The Philly Fed index slowed to 5.2 in February and well below the expected 8 in the forecast. This supports the data from the Empire state index which fell to 7.8 missing forecasts as well. Again what does it mean? Simple version is manufacturing in these regions are slowing. If we are producing less, we are selling less and again we are back to the money flow issue. Both indexes are believed to give some indication of what the direction of the ISM manufacturing report will take, it is issued monthly based on the national manufacturing growth or decline. One additional input for the manufacturing sector is a stronger dollar. Manufacturing is top-heavy on the exporting side, and a stronger dollar will cool the pace of growth due to the highest currency cost. Let’s just go with the simple view… less cash flow in the manufacturing sector in January equals slowing money flow in the economy.
US leading economic indicators rose in January, up 0.2% pace, but that is half the 0.4% rate in December. Back to, what does it mean? Since it is a survey, it suggests that the outlook for positive (above zero) short-term growth in 2015 is slowing or as the headlines might say… moderating. The report shows a lack of momentum in residential construction, weaker outlook for new orders in manufacturing (see above), and poses a downside risk for the US economy. Again, slower money flow impacts growth in the commerce of America.

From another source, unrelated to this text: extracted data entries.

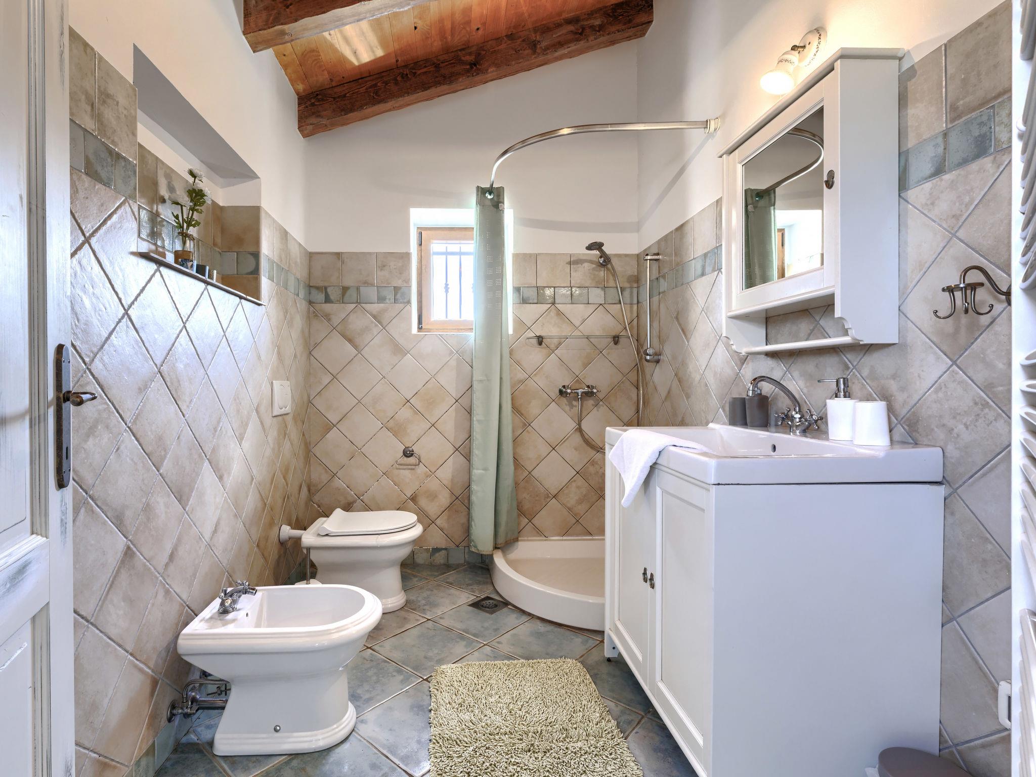 5-room villa 260 m2 on 2 levels. Beautiful furnishings: living/dining room with 2 sofabeds (105 cm, length 190 cm), satellite TV (flat screen), air conditioning. Exit to the terrace. Open kitchen (oven, dishwasher, Gas stove, 4 gas rings, toaster, kettle, microwave, freezer, electric coffee machine). Sep. WC. Upper floor: 1 room with 1 double bed (2 x 90 cm, length 200 cm), bath/shower/WC, bath/shower/bidet/WC and air conditioning. Exit to the balcony. 2 rooms, each room with 1 double bed (2 x 90 cm, length 200 cm), shower/bidet/WC and air conditioning. Exit to the terrace. Forced-air heating. Balcony 2 m2, terrace 35 m2, terrace 16 m2. Terrace furniture, deck chairs. View of the swimming pool and the countryside. Facilities: children's high chair, baby cot, hair dryer. Internet (WiFi, free). Please note: suitable for families. Non-smoking house.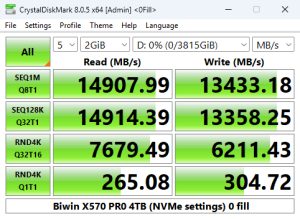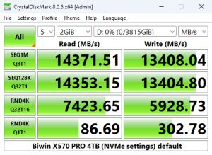 As can seen from the benchmarking screens we can confirm the official sequential ratings of the drive of up to 14,000MB/s for reads and up to 13,000MB/s for writes and even better them with default test figures of 14,371.51MB/s for reads and 13,408.04MB/s for writes.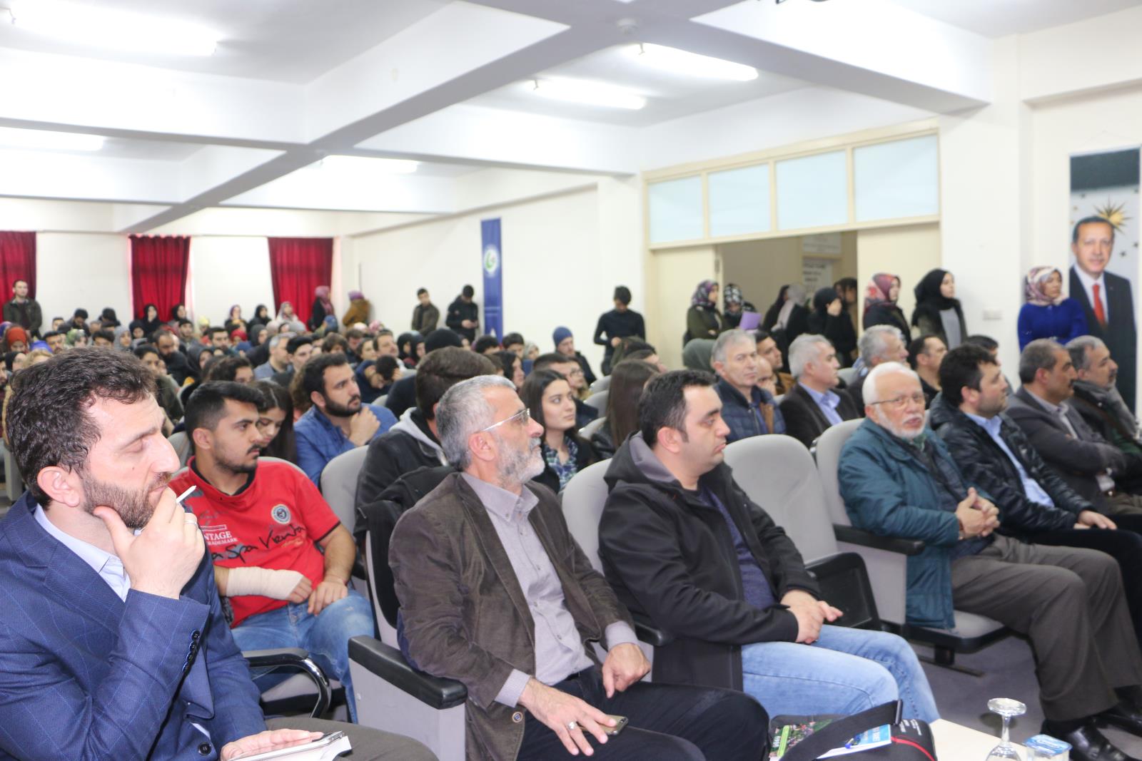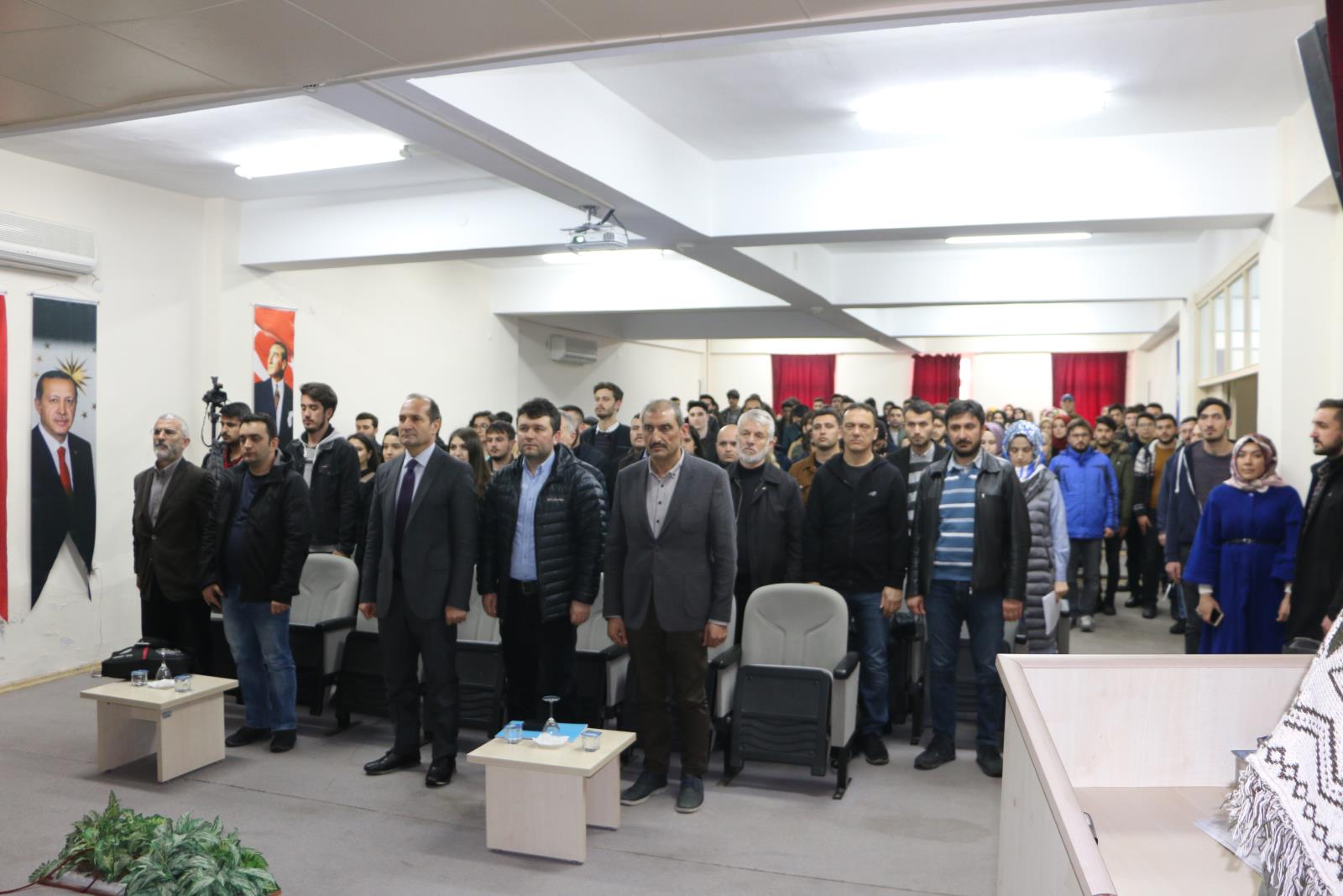 Eğitim Fakültesi Karadeniz Konferans Salonunda, saygı duruşu ve İstiklal Marşı’mızın okunmasıyla başlayan program, Sosyal ve Siyasal Araştırmalar Topluluğu Akademik Danışmanı Doç. Dr. Mehmet Özmenli’nin konuşmalarıyla devam etti.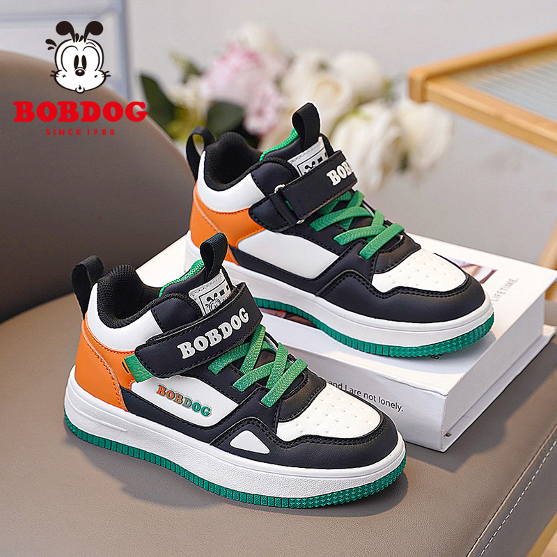 巴布豆童鞋男童板鞋2025春秋新款儿童鞋子皮面防水潮牌男孩运动鞋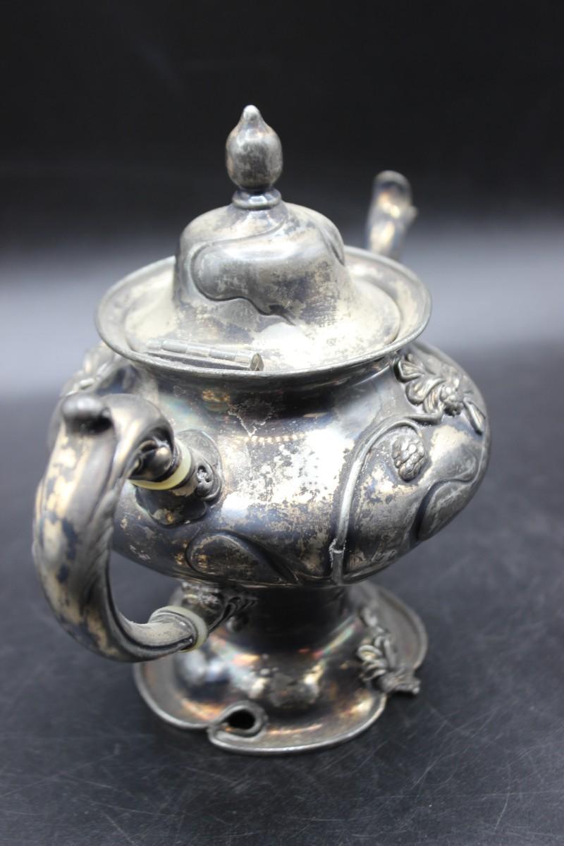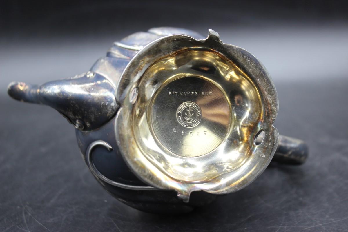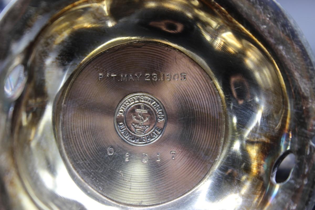 Antique Lot of Derby Silver Co Quadruple Plate Tea Set, there is no significant damage to any of the pieces and is in good condition for its age. Check pictures for more details and for sizing.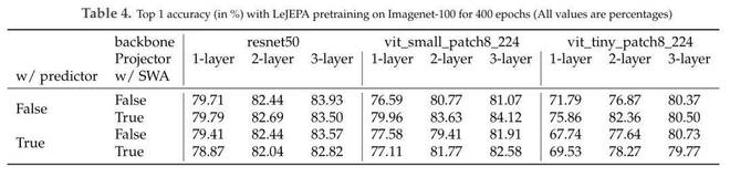 LeJEPA 的可证明构造使其能够移除许多传统上用于防止坍塌的启发式方法。先前的工作表明,预测器和教师-学生架构主要用于防止坍塌。得益于 LeJEPA 的 SIGReg 损失,该框架可以同时移除预测器和教师-学生架构,而不会遭受坍塌(如表 4 所示)。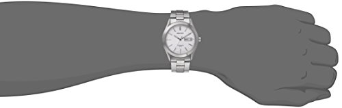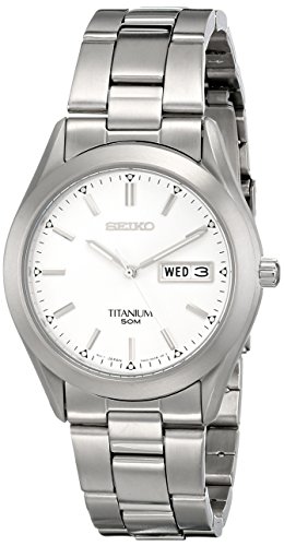 -. Feature : Titanium watch in brushed silver-tone finish featuring silver-white sunray dial with luminous hands and stick indices and day/date window at 3 o'clock / Japanese quartz movement with analog display / Protective hardlex crystal dial window with 37 mm case diameter / Features three-link bracelet with fold-over clasp and safety / Water resistant to 50 M (165 ft)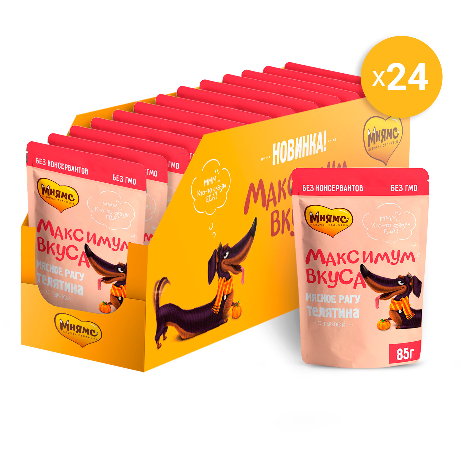 Купить Мнямс «Максимум вкуса» пауч для собак (рагу) Телятина и тыква, 85 г. упаковка 24 шт с доставкой по всей России.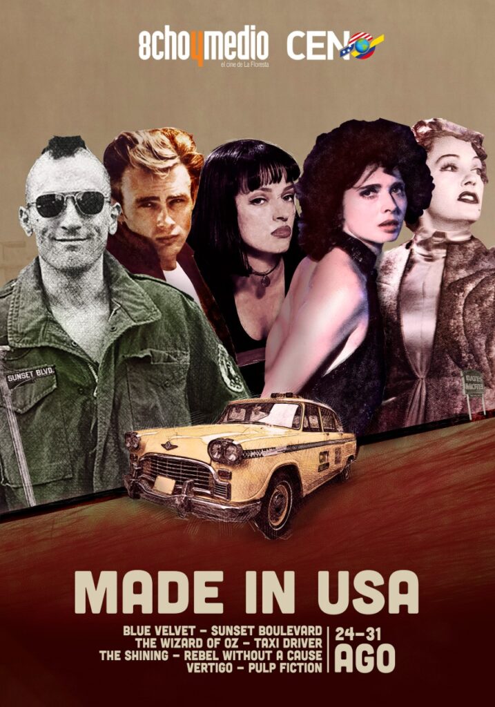 Como parte de su programación cultural en la ciudad de Quito, el Centro Ecuatoriano Norteamericano (CEN) proyectará la primera muestra enfocada en cine norteamericano, denominada “Made in USA, American Films Forever”. Desde el 24 hasta el 31 de agosto, la ciudadanía podrá asistir de manera gratuita a las salas de cine de 8choymedio, ubicadas en Valladolid N24-353 y Vizcaya (barrio La Floresta), para disfrutar de 8 éxitos que han marcado la historia del séptimo arte en Estados Unidos, en su idioma original: Rebelde sin Causa, Taxi Driver, Sunset Boulevard, Blue Velvet, Pulp Fiction, El Resplandor, El Mago de Oz y Vértigo.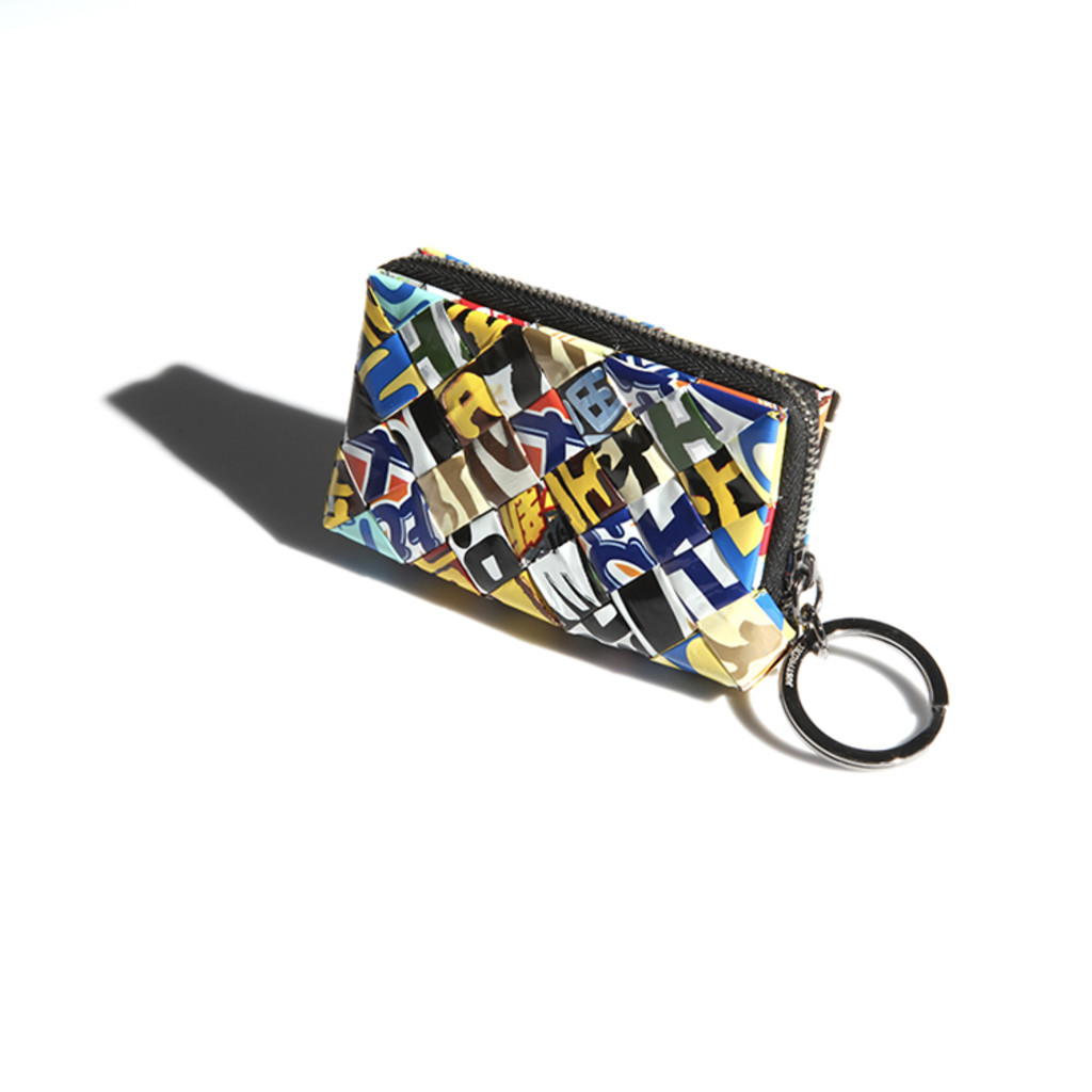 버려진 과자봉지로 만든 지갑. 동전, 카드, 이어폰 넣기 좋은 사이즈.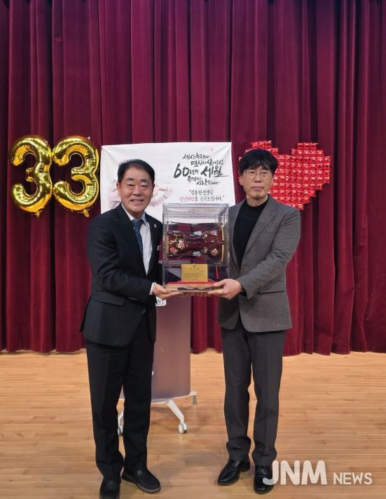제이앤엠뉴스 | 충북 영동군은 지난 17일 국악체험촌 우리소리관 공연장에서 ‘2025년 하반기 난계국악단 퇴임식’을 개최하고, 33년간 난계국악단에서 활동해 온 대금 연주자 김종찬 단원의 퇴임을 기념하는 뜻깊은 시간을 가졌다고 밝혔다.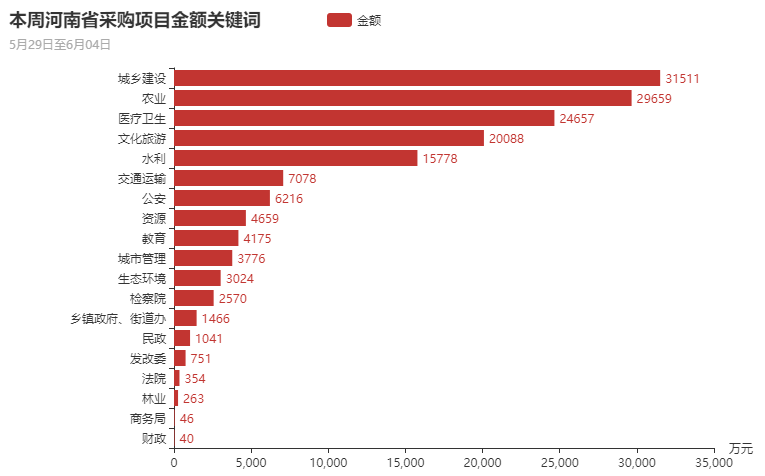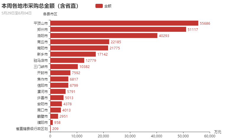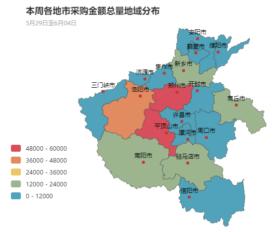 从采购金额总量分布上来看,本周郑州市、洛阳市、南阳市、平顶山市、商丘市政府采购市场需求占主导地位。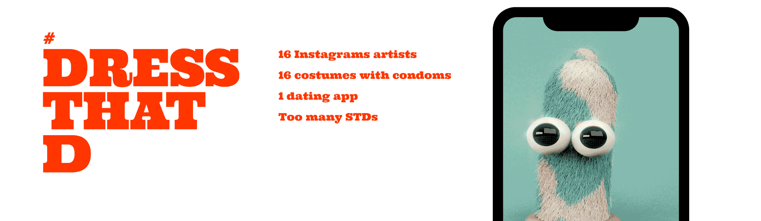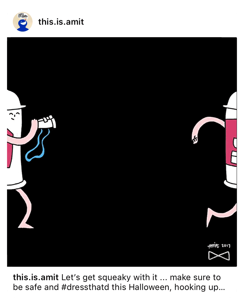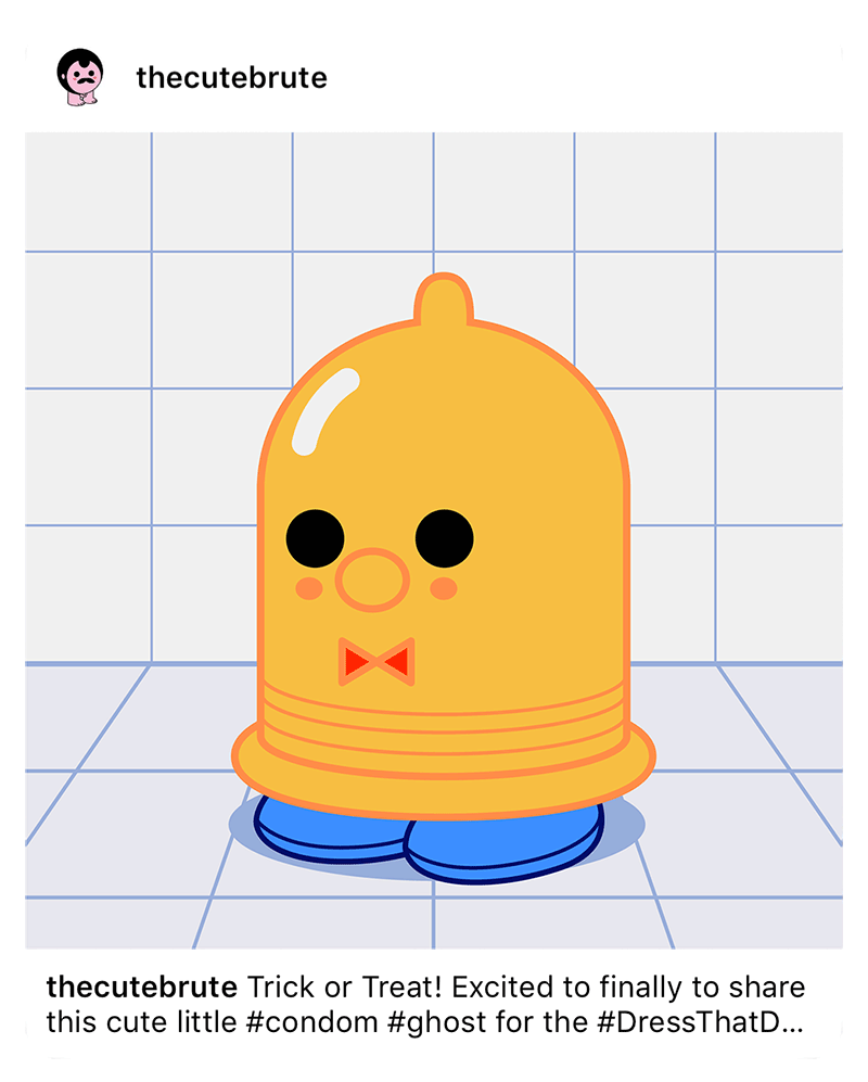 We teamed up with a new gay dating app, Chappy, to create an Instagram branded content series around Halloween to promote safe sex. Partnering with 16 of the most creative artists and influencers on Instagram, we directed each artist to design a costume on a condom in their unique style and post in their unique voice using #DressThatD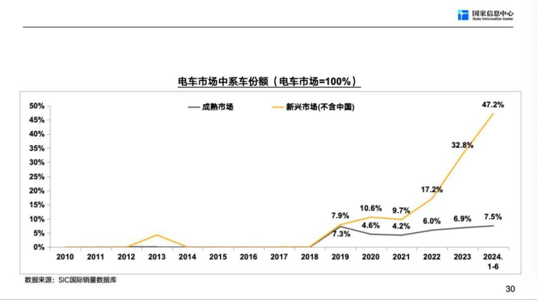 我們的電動車在成熟市場占有率在提高,但是比較緩,從2020年的4.6%到目前的7.5%,但是我們電動車在新興市場占有率,從2020年的10.6%提升到了現在的47.2%,新興市場每賣100輛電動車,我們要占47輛。全球成熟市場是41個國家和地區,人口11億;新興市場除我們之外有170多個,這些市場合一塊,中系NEV占比達到47%。電動車競爭力確實比較強,特別是新興市場。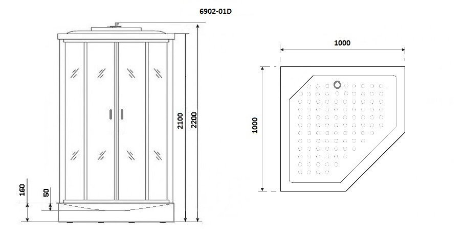 Душевая кабина Niagara Premium NG-6902-01D BLACK (1000х1000х2200)

Last, and certainly not least, Americans aren’t shopping or spending like they believe the economy is healthy and growing. Retail sales fell for the second month in January. Some estimates believe the consumer will pick up the slack from the manufacturing sector for money flow in the economy… based on the declines the last two months that doesn’t seem to be adding up. Should I be so bold as to suggest healthcare costs are rising? Or maybe the cost in housing is influencing the spending side? One area where spending has increased in restaurants. A look at the index shows the last thirteen months has been on a steady climb for stock prices. Thus, money flow is positive… stock prices are positive. Gasoline prices dropping has helped free-cash-flow, but that is not making it’s way to the retailers… at least not according to the data. Jobs and wages are still greatest contributor to retail spending and with wages stagnant and new jobs being added at the lower end of the wage scale the money flow has not shown up in the retail data… at least yet. Again, slower money flow impacts the growth in commerce.
I am not in the business of prophecy only investing based on my beliefs. My beliefs tell me it is time to be cautious about the advancement of the broader market indexes. I am not selling my positions, I am not running in the streets calling for the end of the world as we know it economically. I am not yelling to buy gold, silver, guns, ammo or any other fear mongering asset. All I am saying is you are in control of your money’s destiny… protect it wisely. Use stops, hedge, whatever strategy keeps your money out of harms way should the data all add up to selling in the broad market indexes. Know one knows when the lack of money flow will show up in the price of stocks.